Prestation compensatoire : Prise en compte des sommes perçues au titre d'un accident ou d'un handicap

Le Conseil constitutionnel a jugé contraire à la Constitution l'article 272 du code civil qui ne permet pas au juge de prendre « en considération les sommes versées au titre de la réparation des accidents du travail et les sommes versées au titre du droit à compensation d'un handicap » pour la fixation de la prestation compensatoire lors du prononcé du divorce.

Les dispositions litigieuses, telles qu'interprétées par la Cour de cassation, excluent effectivement du calcul de la prestation compensatoire les sommes versées au titre de la réparation des accidents du travail et du droit à compensation d'un handicap mais non les sommes versées au titre des pensions militaires d'invaliditéCiv. 1re, 9 nov. 2011, n° 10-15381, Bull. civ. I, n° 197. et l'auteur de la question prioritaire de constitutionnalité (QPC) soutenait donc qu'il y avait violation du principe d'égalité devant la loi. Le ConseilCons. constit., 2 juin 2014, n° 2014-398 QPC, Alain D. a en outre soulevé d'office le grief tiré de ce que « en interdisant à la juridiction de prendre en considération, pour le calcul de la prestation compensatoire, les sommes versées au titre de la réparation d'un accident ou de la compensation d'un handicap, alors que l'article 271 du code civil fait obligation à cette même juridiction de prendre en considération l'état de santé des époux, les dispositions contestées porteraient atteinte à l'égalité des époux devant la loi »

L'article 270 du code civil, rappellent les Sages, a pour objet « de compenser, autant qu'il est possible, la disparité que la rupture du mariage crée dans les conditions de vie respectives des époux » et selon l'article 271, la prestation compensatoire est fixée selon les besoins de l'époux à qui elle est versée et les ressources de l'autre en tenant compte de la situation au moment du divorce et de l'évolution de celle-ci dans un avenir prévisible, en tenant compte notamment de « la durée du mariage, de l'âge et l'état de santé des époux, de leur qualification et leur situation professionnelles, des conséquences des choix professionnels faits par l'un des époux pendant la vie commune pour l'éducation des enfants et du temps qu'il faudra encore y consacrer ou pour favoriser la carrière de son conjoint au détriment de la sienne, du patrimoine estimé ou prévisible des époux, tant en capital qu'en revenu, après la liquidation du régime matrimonial, de leurs droits existants et prévisibles et de leur situation respective en matière de pensions de retraite ».

Pour le Conseil, le législateur a entendu impartir au juge « de tenir compte, au cas par cas, de la situation globale de chacun des époux, au regard notamment de leurs ressources, de leur patrimoine, de leur état de santé et de leurs conditions de vie respectifs » et les dispositions du second alinéa de l'article 272 du code civil qui interdisent au juge de prendre en considération, dans la détermination des besoins et des ressources des époux, les sommes versées à l'un d'eux au titre de la réparation d'un accident du travail ou au titre de la compensation d'un handicap sont dès lors contraires à la Constitution puisqu'elles excluent des éléments retenus pour le calcul de la prestation compensatoire les sommes versées au titre de la réparation des accidents du travail qui « compensent, au moins en partie, une perte de revenu » alors que toutes les autres prestations, est-il souligné, « sont prises en considération dès lors qu'elles assurent un revenu de substitution ».

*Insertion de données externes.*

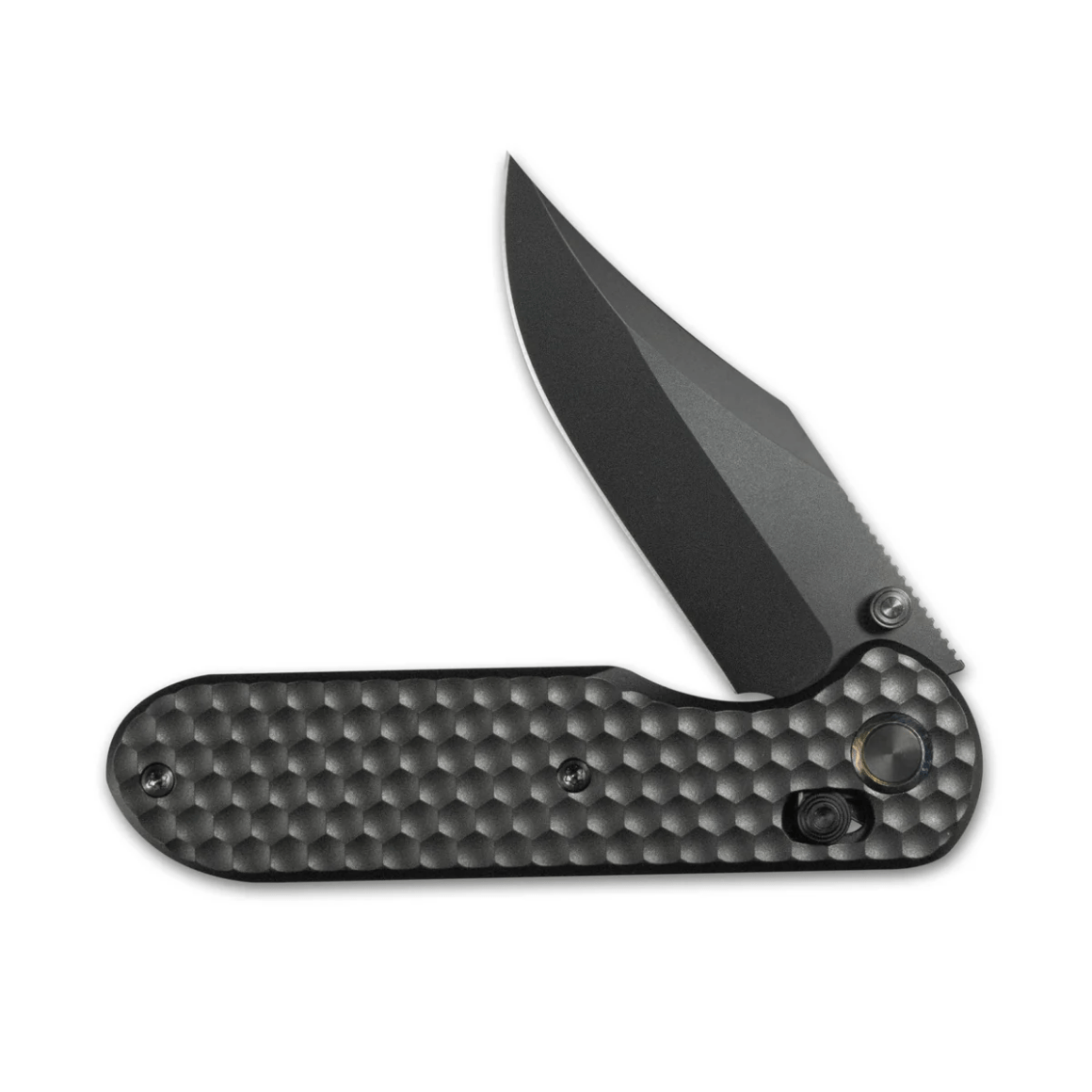 Rukoväť je vyrobená z black DLC 6AL4V titánu s textúrou včelieho plástu pre lepší úchop a odolnosť. Klieština je titánová a nastavená pre tip-up nosenie na pravej strane.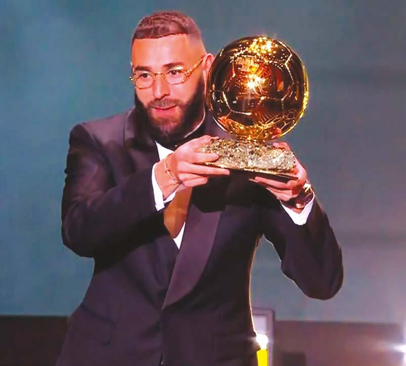 Benzema, que llega a la cúspide cuan do le quedan dos meses para cumplir los 35 años, recibió el trofeo de manos de su compatriota Zinedine Zidane, ganador del trofeo en 1998 y su entre nador durante cuatro temporadas en el Real Madrid.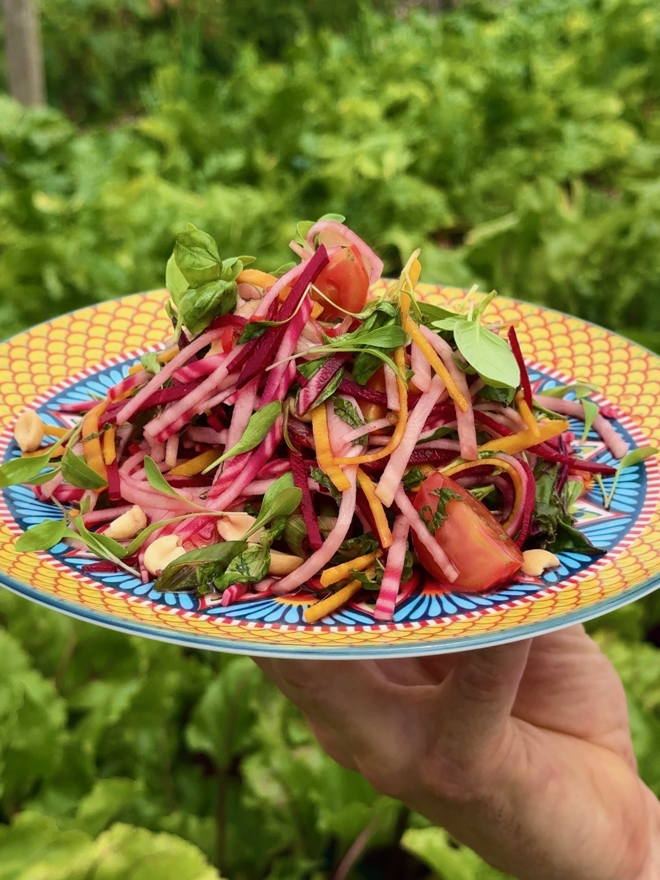 The flavours in this dish are a riff on those in the classic Thai green papaya salad: spicy, salty, tangy, and nutty. Something the beetroot holds up well to. We have loads of good-sized beetroot in 4 different colours. Larger beets make for easier slicing. I use a mandolin to get a nice even cut, but they could be grated.

Et en excluant la prise en considération des sommes versées au titre de la compensation du handicap dans la détermination des besoins et ressources, les dispositions contestées ont pour effet d'empêcher le juge « d'apprécier l'ensemble des besoins des époux, et notamment des charges liées à leur état de santé », jugent les Sages pour déclarer ces dispositions inconstitutionnelles.

Cette abrogation prend effet à compter de la publication de la décision et elle est applicable à toutes les affaires non jugées définitivement à cette date mais les prestations compensatoires fixées par des décisions définitives en application des dispositions déclarées contraires à la Constitution ne peuvent être remises en cause sur le fondement de cette inconstitutionnalité.